Let $R$ be a Euclidean Domain. Let $m$ be the minimum integer in the set of norms of nonzero elements of $R$. Prove that every nonzero element of norm $m$ is a unit in $R$ . Deduce that a nonzero element of norm zero (if such an element exists) is a unit.
Let $R$ be a Euclidean Domain. Let $m$ be the minimum integer in the set of norms of nonzero elements of $R$. Prove that every nonzero element of norm $m$ is a unit in $R$ . Deduce that a nonzero element of norm zero (if such an element exists) is a unit.
A norm is a function $n: R^{\times}\to \mathbb{N}$ such that for any $a,b\in R$, $b\not = 0$ we can write $a = qb + r$ where: $r\not = 0$ and $n(r) < n(b)$, or $r=0$. (There might be an additional property to the norm function but not all books define it).

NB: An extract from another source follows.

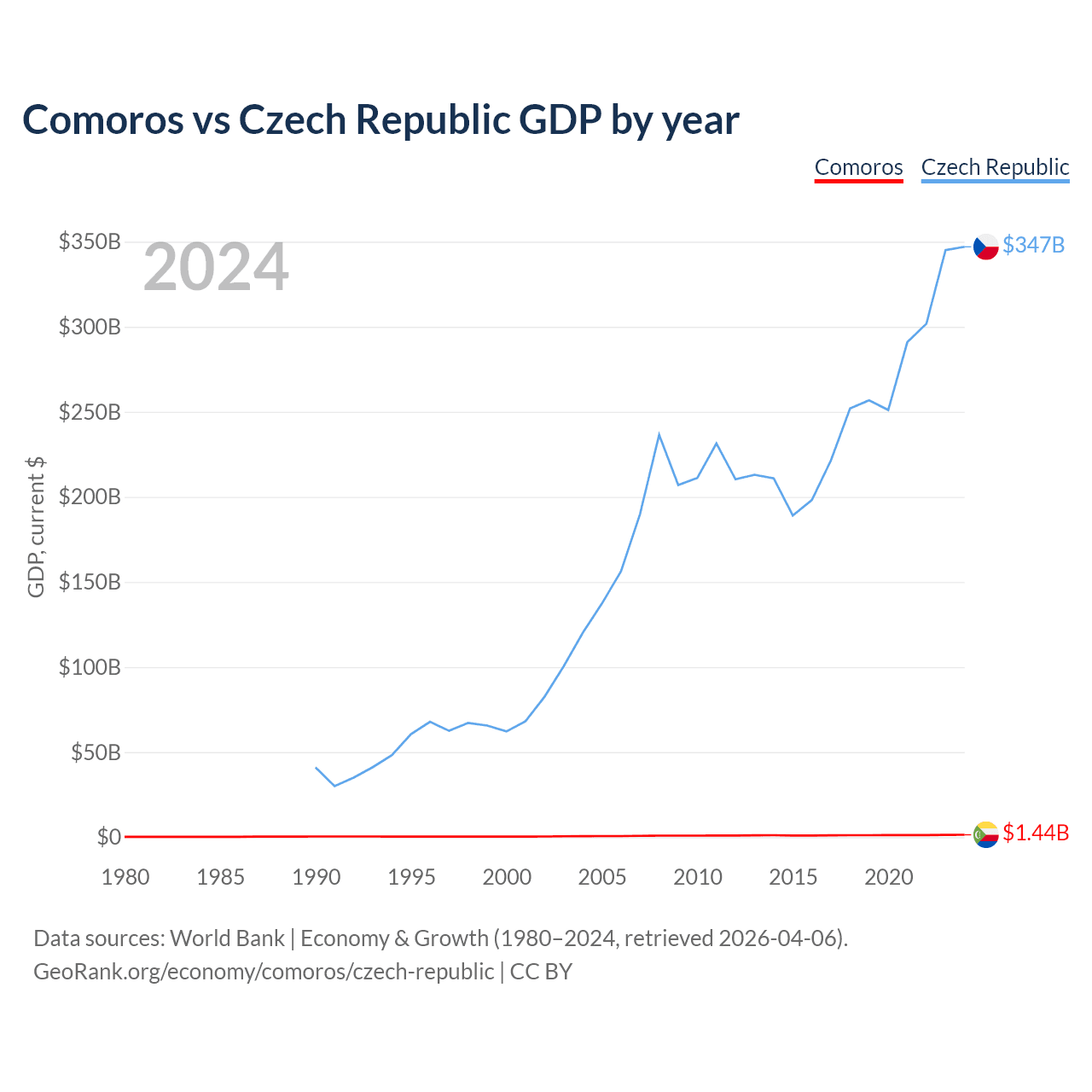 Comoros has a GDP of $1.44B compared to $347B for the Czech Republic, ranking 183/197 and 44/197 by economy size, respectively.

Say that $n(x) = m$ where $m = \min \{ n(r) : r\in \mathbb{R}^{\times}\}$. This means we can write, $1 = qx + r$ where $r=0$ or else $n(r) < n(x)$. But $n(x)$ is minimal and so $r=0$. Thus, $1=qx$ which means that $x|1$. Thus, $x$ is a unit by definition. It follows that if $n(x) = 0$ then since $x$ has the smallest possible norm it means it has to be a unit.